For some funds managers conflicts have been difficult to hard to understand, but the emphasis by regulators including those in the UK on supply chains has helped defined the impact of those conflicts.
“Every single company promises a certain experience to its customers. Management needs to focus on what that promise is, what might happen to break that, who are the people or what is the supply chain that makes us break that promise – there will be conflicts,” he says. “It becomes easy when you think about it like that.”
The “Dear CEO” letter issued by the UK’s Financial Services Authority, following a review of asset management firms’ enforcement of internal conflicts of interest policies, identified that many had failed to establish an adequate framework for identifying and managing them.
One of the key findings of the FSA’s review was that team culture is central to identifying conflicts of interest. But Donohue believes many asset managers “struggled to get it” when it came to the impact of their culture.
“The “Dear CEO” letter on conflicts of interest is at the heart of governance. If you understand that, then you will meet your promises to investors,” he says. “The reality is there are forces that will try and entice you away from doing the right thing. But people are starting to understand how you keep your promises to investors.”
Donohue believes that an independent board member helps to ensure that decisions are made in favour of the investor not the management. One of the core activities of his firm is providing independent directors to fund boards, typically cross-border funds such as Cayman funds.
“An independent director should be a leading force in that. But not any independent person, competence is a big factor.”
In the Carne “Fund governance and conflicts of interest survey 2013” respondents identified a risk background as critical to a director’s skill. Two years ago when the survey was done, a legal background was the key element.
“The results showed that you need to identify risks and then you can see where the conflicts occur,” he says.
In the survey the areas of conflicts cited by many investors include:
- Trading error identification and reporting to investment management fund boards
- Investment or other guideline breaches by the investment manager
- Deviation from promised investment strategy and investment risk, including portfolio diversification, eligible assets and liquidity, especially when investment opportunities are scarce or managers are overly optimistic about an investment opportunity.
The survey also revealed that investors were in favour of a global governance framework, and they certainly don’t want more regulation.
There are other groups looking at industry led governance standards including the CFA in its Future of Finance project which is essentially helping managers to become long-term sustainable businesses.
“The key to a sustainable business is to treat your customers and your investors really well. Then everyone wins, including management,” Donohue says. “Good governance is essential for managers to become long-term sustainable businesses. Look after your customers and you look after your business in the long term.”
In the UK it is difficult for investors to point the finger at asset managers when their own governance needs work.
Donohue says pension funds in the UK are like the health system, “everyone knows it’s broken but there are so many conflicts of interest”.

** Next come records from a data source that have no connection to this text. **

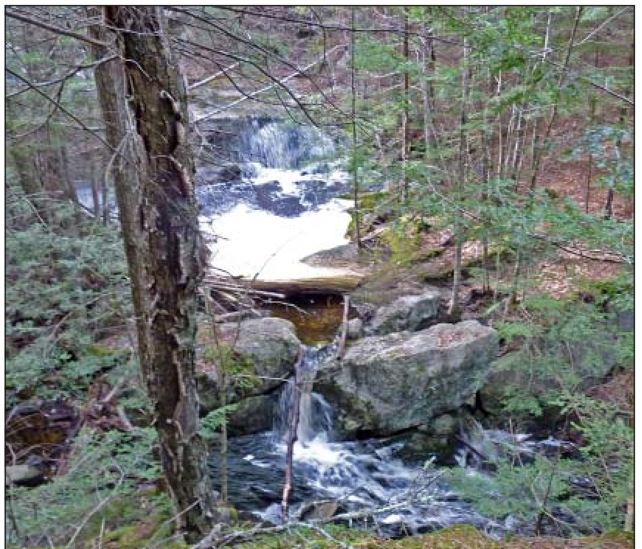
Falls at the Sprague Pond Preserve.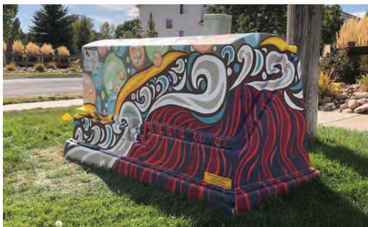
Abstract Weather Celebration Alison Dickson 2019 NW corner of Mainsail Dr. and Turnberry Rd.

The retaining wall on the west end of the tunnel displays a scene of the prairie depicting the mid-1800s when this area was the hunting domain of native tribes. Bison are shown roaming in large herds, and pronghorn were present then as well as today.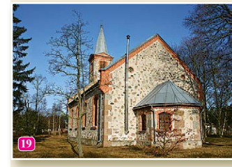
19 The Lutheran church of Kolka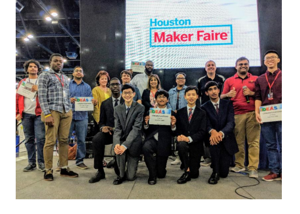
IDEAS Pitch Competition @ Houston Maker Faire Fall 2018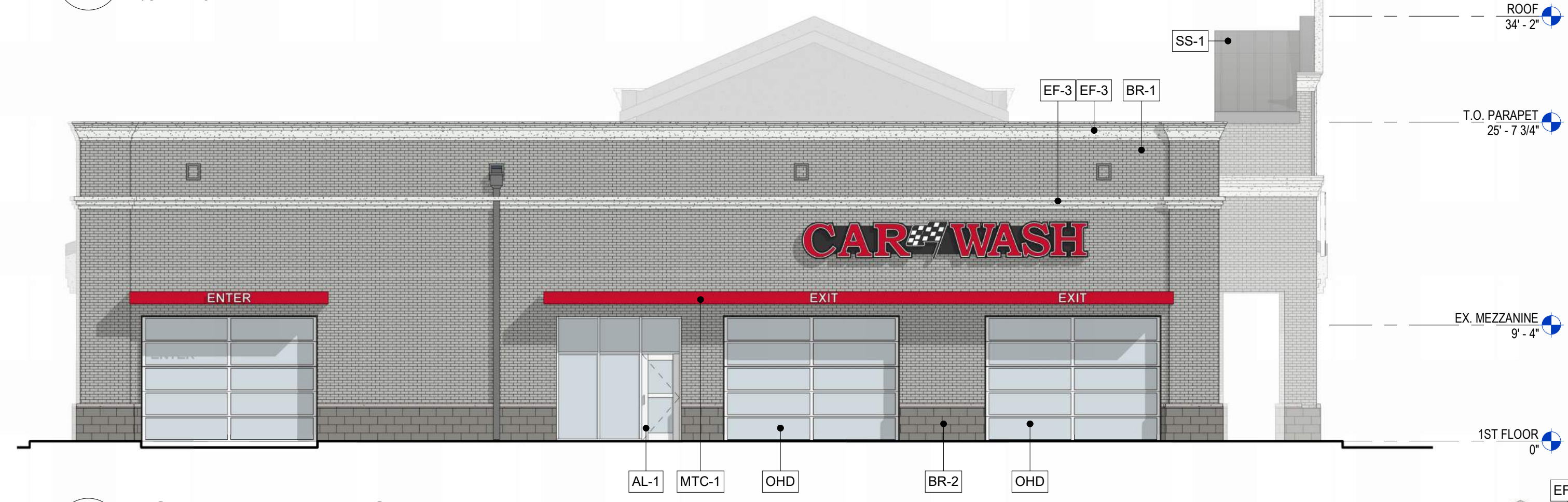
2 NORTH ELEVATION 1/8" = 1'-0"

“There are some pension funds that are really well run, but there are many where the trustees don’t have the skills or the board is not run well,” he says.
A pension fund collapsing will be the catalyst for radical reform, he says.
“Again it’s like the health system, a lot of people need to die before there is reform. In 20, 30 or 40 years’ time a lot of employees won’t have much of a pension, this could lead to social unrest and eventually reform.”
There is a difference in the opinions between managers and investors, but Donohue says appointing blame doesn’t solve anything.
“It’s like a marriage, there is difference of opinion. But it is important that blame is not put at the door of the managers. The important thing is to help them in how to run a good marriage. There’s a difference and you need to get to the heart of the difference,” he says.
Independent directors on boards can act as that guidance counsellor for managers.